Now it appears that we have longitude and latitude for every dispensary. We should check that they all look sensible.

```{r}
summary(marijuana$long)
```

```{r}
summary(marijuana$lat)
```
The minimum and maximum are very similar to each other for both longitude and latitude so that's a sign that it geocoded correctly. The 10 NA values mean that it didn't find a match for 10 of the addresses. Let's try again and now set `method` to "arcgis." which generally has a very high match rate. Before we do this let's just remove the entire latitude and longitude columns from our data. How the `geocode()` function works is that if we keep the "long" and "lat" columns that are currently in the data from when we just geocoded, when we run it again it'll make new columns that have nearly identical names.
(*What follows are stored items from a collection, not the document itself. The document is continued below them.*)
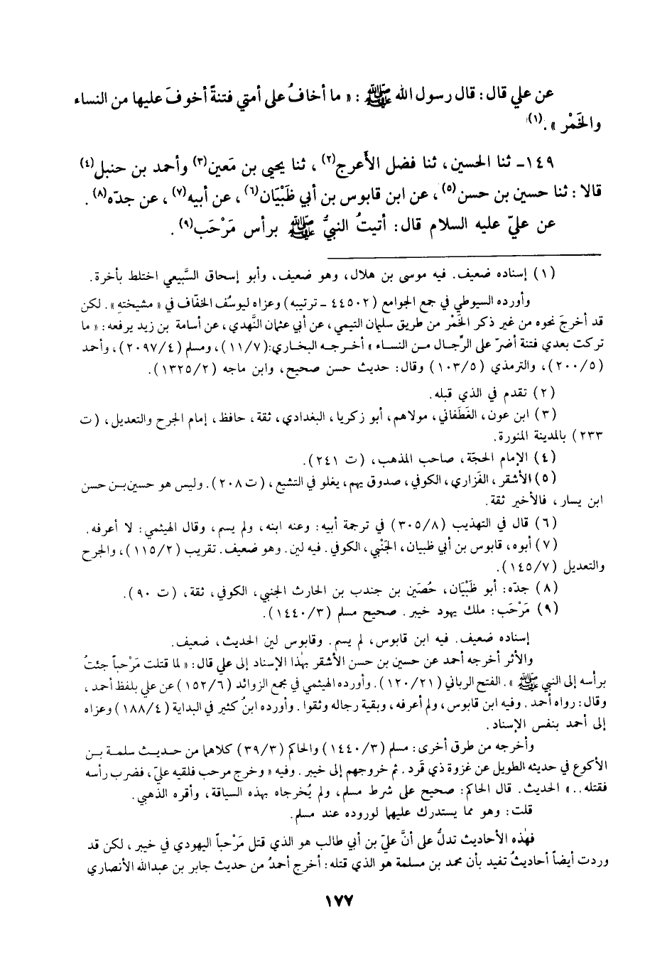149 - ثنا الْحُسَيْنُ ثنا فَضْلٌ الْأَعْرَجُ، ثنا يَحْيَى بْنُ مَعِينٍ، وأَحْمَدُ بْنُ حَنْبَلٍ قَالَا: ثنا حُسَيْنُ بْنُ حَسَنٍ، عَنِ ابْنِ قَابُوسَ بْنِ أَبِي ظَبْيَانَ، عَنْ أَبِيهِ، عَنْ جَدِّهِ، عَنْ عَلِيٍّ عَلَيْهِ السَّلَامُ قَالَ: " §أَتَيْتُ النَّبِيَّ صَلَّى اللهُ عَلَيْهِ وَسَلَّمَ: بِرَأْسِ مَرْحَبٍ "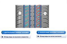 Четыре больших продольных канавки изогнутой формы, превосходно отводят излишки воды повышая сопротивление к аквапланированию.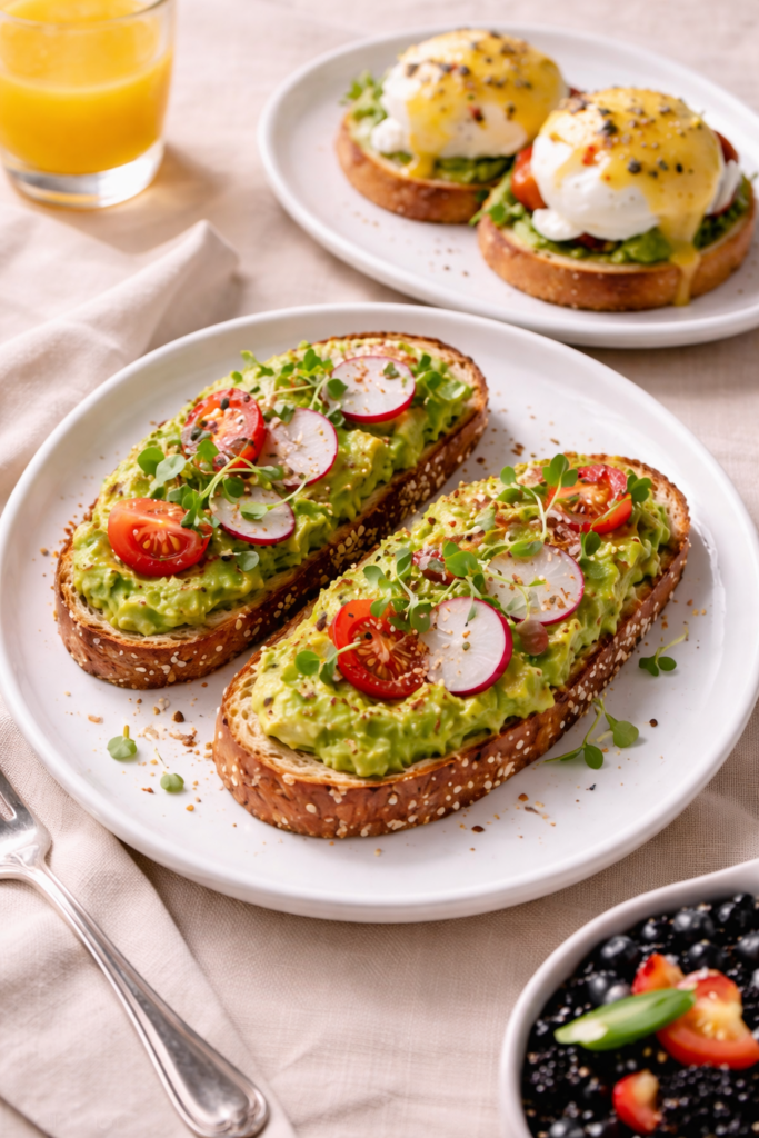 Multigrain toast spread with avocado puree, garnished with red onion, served with two scrambled eggs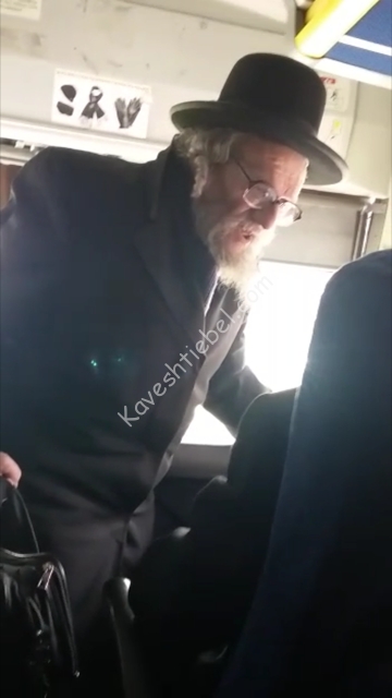 אבער אז ס׳זאל קומען צו גיין אן אלטע אזיאטישע אידיאט און תובע זיין פון א פאסאזשיר — וואס האט באצאהלט טבין ותקילין פארן רייזע און האט דעם פולסטן רעכט צו נעמן סיי וועלכע ליידיגע פלאץ ס׳גלוסט עם — אז ר׳זאל עוקר זיין ווייל פאר דעם אלטעטשקן האט זיך פארשמעקט דוקא אט דעם זיץ איז טפשות און רשעות אינאיינעם. אויב איז יענער א איד א תלמיד חכם איז ער א חמור נושא ספרים. אין הלכה ווערט געברענגט קלאהר אז מ׳זאל נישט מכביד זיין מיט קימה וכו׳ וזה ידוע. ווען איך בין בעה״ב וואלט איך געשטעלט טערמין פאר׳ן אלטן פאסקודניאק: טרעף דיר א צווייטע פלאץ אדער שטייג אפ פון באס; טעראריזיר נישט די אנדערע פאסאזשירן.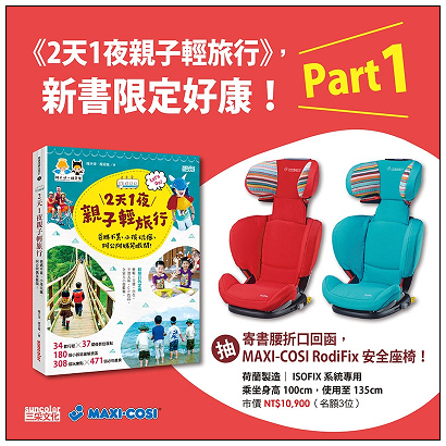 喜歡安安的紅色頭等艙 (Maxi-Cosi 兒童成長型汽座)嗎?,快把「2天1夜子輕旅行:爸媽不累、小孩玩瘋、阿公阿媽笑眼開!」的書腰剪下來寄回參加抽獎活動,就有機會得到同品牌Maxi-cosi另一款安全座椅喔~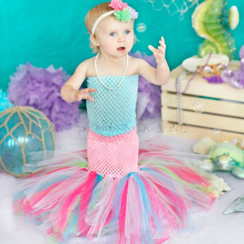 Набор моря русалки принцессы для девочек рыбий хвост юбка-пачка платье для новорожденного детская одежда для девочек розового и фиолетового цветов Аква мятно-зеленого цвета, Платья для праздников и дней рождения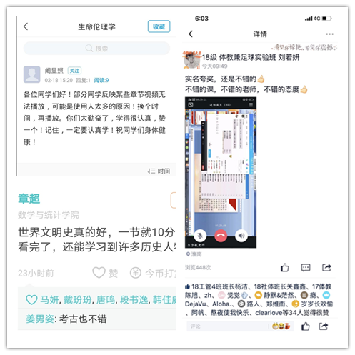 伴随着线上教学正式开启,同学们从“假期模式”一键切换到了“开学模式”。为避免上课时间冲突,师生严格遵守原定课表时间进行直播授课。对未安排线上授课的,任课教师会提前公布学习任务,并在原定课表的上课时间安排在线讨论和集中答疑等教学活动。生命科学学院的2019级陈春宇就说:“学校积极探索创新教学模式,让老师如期授课,学生如期上课,解决了师生最关心的问题。虽然隔着屏幕,但老师们的热情互动,让我们的距离被一下子拉近了。”经管学院2018级经济学的刘明禹同学就说:“学校的线上教学方式灵活,针对不同课程分别采取直播、录播等不同的方式。第一次直播教学时,我们与老师的线上课堂互动生动、可爱、有趣,把网络直播的“应援”方式应用到课堂上着实新鲜,并且效率很高;老师录播的课程可以反复观看,必要时候可以按下暂停键记录知识要点,再也不用担心自己漏记知识点了。”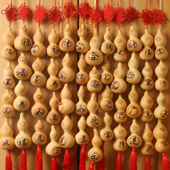 メーカーの天然ひょうたん、5文字と4文字の文字ストリング、縁起の良い言葉、彫刻されたドアカーテンペンダント、家と万石興の小さなひょうたん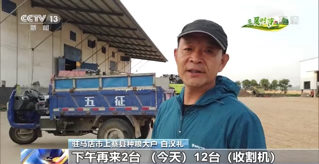 駐馬店市上蔡縣種糧大戶 白漢禮:今天上午10臺(tái)車,下午再來(lái)2臺(tái),12臺(tái)車,明天再增加2臺(tái)。

We usually want as few columns in our data as possible so there's no point having the "lat" column from the last geocode run with the 10 NAs and another "lat" (though slightly different, automatically chosen name) column from this time we run `geocode().` 

We could also just geocode the 10 addresses that failed on the first run, but given that we'll only be geocoding a small number of addresses it won't take much extra time to have ArcGIS run it all. Running this function on just the NA rows requires a bit more work than just rerunning them all. In general, when the choice is between you spending time writing code and letting the computer do more work, let the computer do the work. And in general I'd recommend starting with ArcGIS as it is more reliable for geocoding. We'll remove the current coordinate columns by setting them each to NULL.

```{r}
marijuana$long <- NULL
marijuana$lat  <- NULL
marijuana      <- geocode(marijuana, "Premise.Address",
                          method = "arcgis")
```
And let's do the `summary()` check again. 

```{r}
summary(marijuana$long)
```

```{r}
summary(marijuana$lat)
```

No more NAs, which means that we successfully geocoded our addresses. Another check is to make a simple scatterplot of the data. Since all of the data is from San Francisco, they should be relatively close to each other. If there are dots far from the rest, that is probably a geocoding issue.

```{r}
plot(marijuana$long, marijuana$lat)
```

Most points are within a very narrow range so it appears that our geocoding worked properly.